We can then get cell type assignment probabilities by calling

In [34]:
assignments = ast.get_celltype_probabilities()
assignments

Unnamed: 0,Stromal,B cells,T cells,Macrophage,Epithelial (basal),Epithelial (luminal),Other
BaselTMA_SP41_186_X5Y4_3679,0.218146,0.260286,0.078100,0.300784,0.020030,0.009929,0.112726
BaselTMA_SP41_153_X7Y5_246,0.007433,0.037888,0.013495,0.019616,0.171420,0.721267,0.028881
BaselTMA_SP41_20_X12Y5_197,0.323534,0.161405,0.194188,0.204150,0.014537,0.003601,0.098586
BaselTMA_SP41_14_X1Y8_84,0.114065,0.185562,0.170916,0.125238,0.089930,0.239260,0.075029
BaselTMA_SP41_166_X15Y4_266,0.307228,0.243561,0.163690,0.217983,0.010894,0.004304,0.052340
...,...,...,...,...,...,...,...
BaselTMA_SP41_114_X13Y4_1057,0.019108,0.071844,0.034305,0.040122,0.172589,0.621588,0.040443
BaselTMA_SP41_141_X11Y2_2596,0.016712,0.061177,0.028747,0.035444,0.171387,0.639128,0.047405
BaselTMA_SP41_100_X15Y5_170,0.169132,0.199137,0.129711,0.207781,0.061975,0.070236,0.162027
BaselTMA_SP41_14_X1Y8_2604,0.251748,0.244889,0.077674,0.311692,0.012417,0.003847,0.097733


where each row corresponds to a cell, and each column to a cell type, with the entry being the probability of that cell belonging to a particular cell type.

To fetch an array corresponding to the most likely cell type assignments, call

In [35]:
# TODO

## 3. Fitting cell state

Similarly as before, to fit cell state, call

In [36]:
ast.fit_state()

training astir: 100%|██████████| 100/100 [00:00<00:00, 733.79epochs/s]
training astir:   0%|          | 0/100 [00:00<?, ?epochs/s]

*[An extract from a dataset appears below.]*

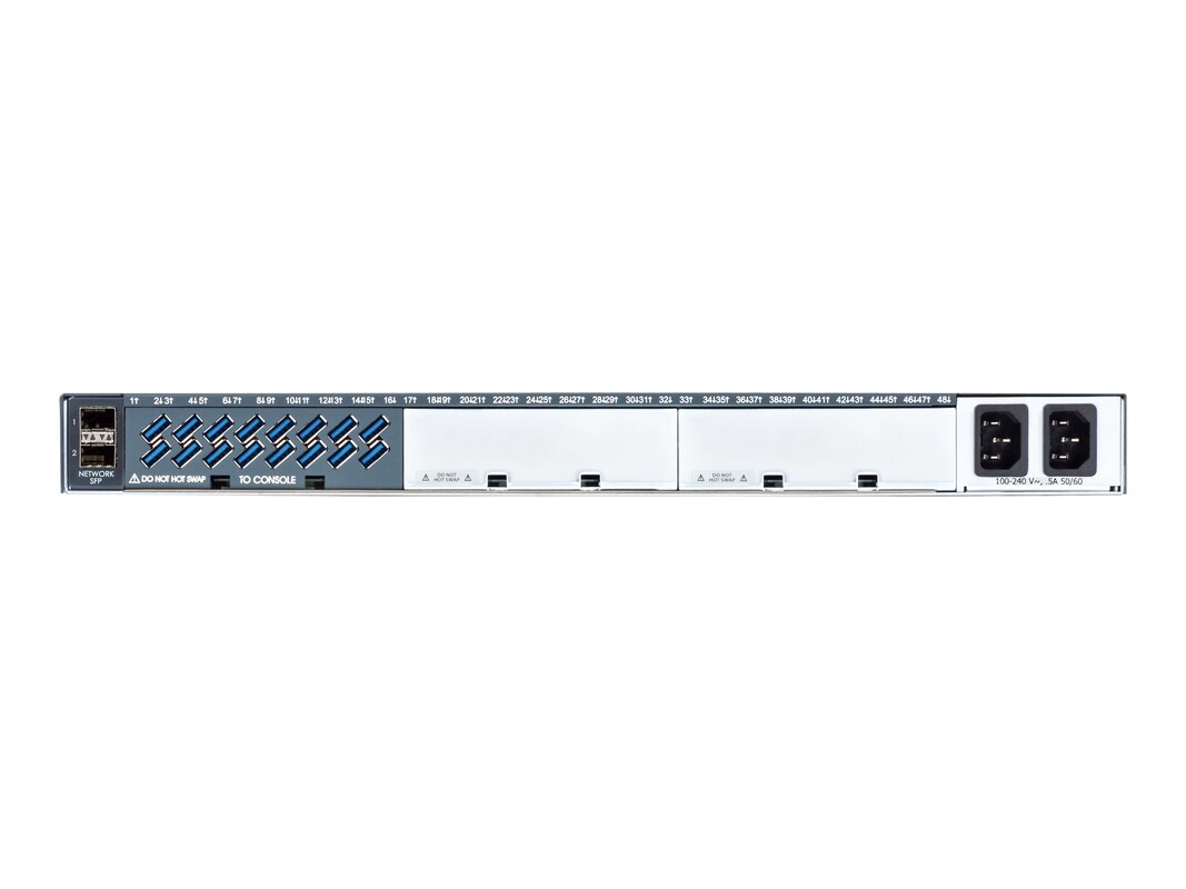 Integrated dual 1 Gb Ethernet or dual 1 Gb SFP interfaces. HTML5 support for Java-free web based telnet/SSH remote access to console ports that is browser independent. Provides multiple layers of out-of-band access with optional dial-up and cellular technologies. Reduces operating costs and security risks by eliminating the need for on-site interventions. Simplifies service deployments and balances CAPEX and OPEX with its modular design. Minimizes cable clutter with software-reversible device port pins. Increases testing productivity and efficiency as a DUT (device under test) aggregation tool. Protects management interfaces with authentication and FIPS 140-2 compliant encryption. Built-in support for environmental sensors and dry contact access control devices.

---------- 1/5 Cell State Classification ----------
---------- 2/5 Cell State Classification ----------


training astir: 100%|██████████| 100/100 [00:00<00:00, 862.17epochs/s]
training astir: 100%|██████████| 100/100 [00:00<00:00, 748.04epochs/s]
training astir:   0%|          | 0/100 [00:00<?, ?epochs/s]

---------- 3/5 Cell State Classification ----------
---------- 4/5 Cell State Classification ----------


training astir: 100%|██████████| 100/100 [00:00<00:00, 812.77epochs/s]
training astir: 100%|██████████| 100/100 [00:00<00:00, 863.41epochs/s]
training astir: 0epochs [00:00, ?epochs/s]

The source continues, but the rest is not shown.